🤖 AI Summary
Existing Transformer-based trackers suffer from parameter redundancy, hindering their deployment on resource-constrained devices. To address this, this work proposes LoopTrack, a framework that leverages a parameter-shared recurrent architecture to enable efficient feature interaction while significantly reducing model complexity. Methodologically, it introduces an object-aware recurrence with a gated object memory mechanism, integrated with lightweight attention modules to achieve progressive feature refinement and effectively mitigate temporal drift. Experimental results demonstrate that with only 3.4M parameters, the proposed model attains a success score of 66.2% on the LaSOT benchmark, outperforming existing methods of comparable scale. Consequently, this study establishes a strong baseline for lightweight visual tracking.
📝 Abstract
Current Transformer-based tracking methods typically stack multiple Transformer blocks with separate parameters to model interactions between the target template and the search region for target localization. These trackers often incur substantial parameter overhead from stacked blocks, making their deployment on resource-limited devices difficult. To address this, we propose a parameter-efficient Transformer tracking framework, dubbed LoopTrack, which repeatedly applies a set of Transformer blocks with shared parameters to interact features in a looped architecture for tracking, significantly reducing the number of parameters. To further exploit target cues, we present two lightweight designs, including target-aware looping (TAL) and gated target memory (GTM). The former applies intermediate target information generated by one loop to guide feature interaction in the subsequent loop, enabling progressive feature refinement, while the latter maintains a compact memory across frames, which is incorporated into the loop process to provide long-term information to the tracker, mitigating temporal drift in tracking.

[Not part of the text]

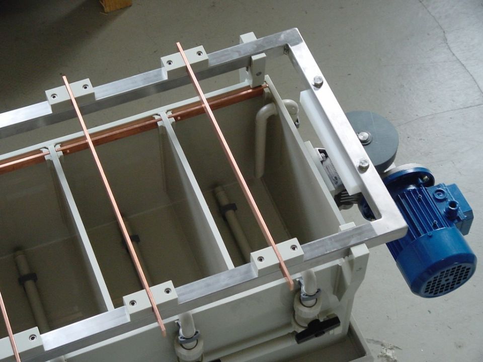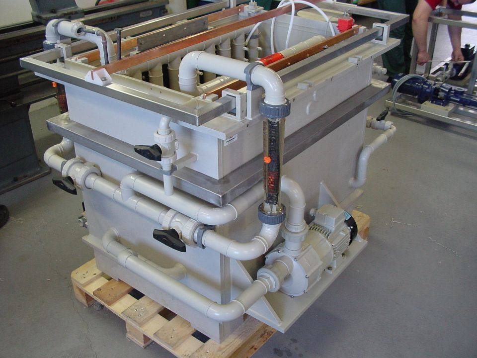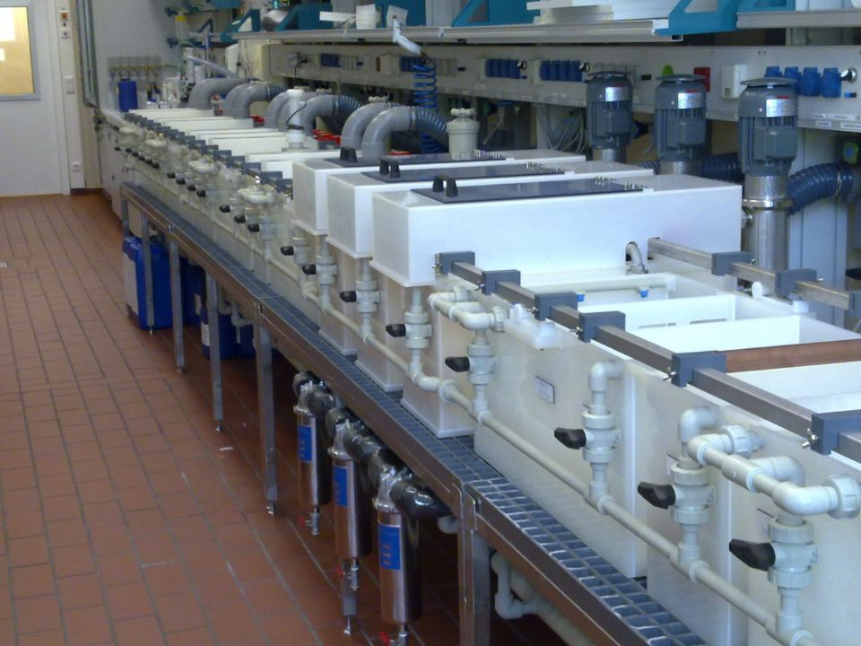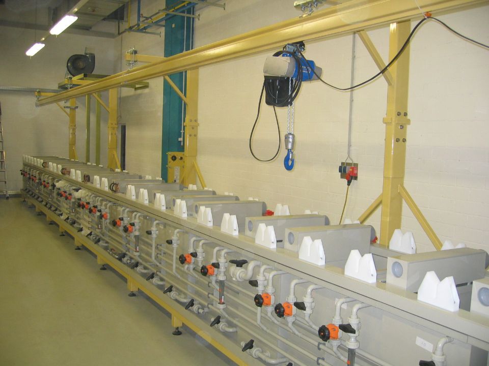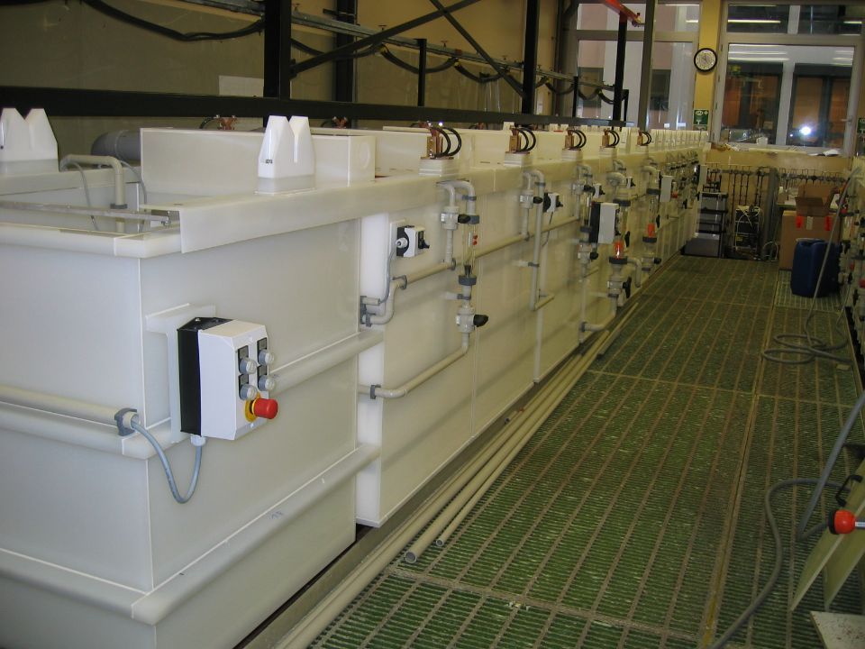 Unsere Galvanoanlagen sind komplett ausgerüstet mit Heizungen, Filteranlagen, Pumpen, Warenbewegung, Absaugung, Lufteinblasung, Dosierungen, Gleichrichter und Transportsystemen namhafter Hersteller.

Compared to existing Transformer trackers, LoopTrack enables multiple rounds of feature interaction with fewer model parameters, making it resource-friendly for deployment. In extensive experiments on multiple datasets, LoopTrack shows a favorable accuracy-parameter trade-off. In particular, our LoopTrack$_{\rm One}$, with a single shared Transformer block, achieves 66.2\% SUC score on LaSOT with only 3.4M parameters, while LoopTrack$_{\rm Three}$, using three shared blocks, achieves 69.3\% SUC score with 6.4M parameters, surpassing existing parameter-efficient tracking methods with comparable or larger model size. With LoopTrack, we aim to establish a simple yet strong baseline for parameter-efficient Transformer tracking. Our code and models will be released.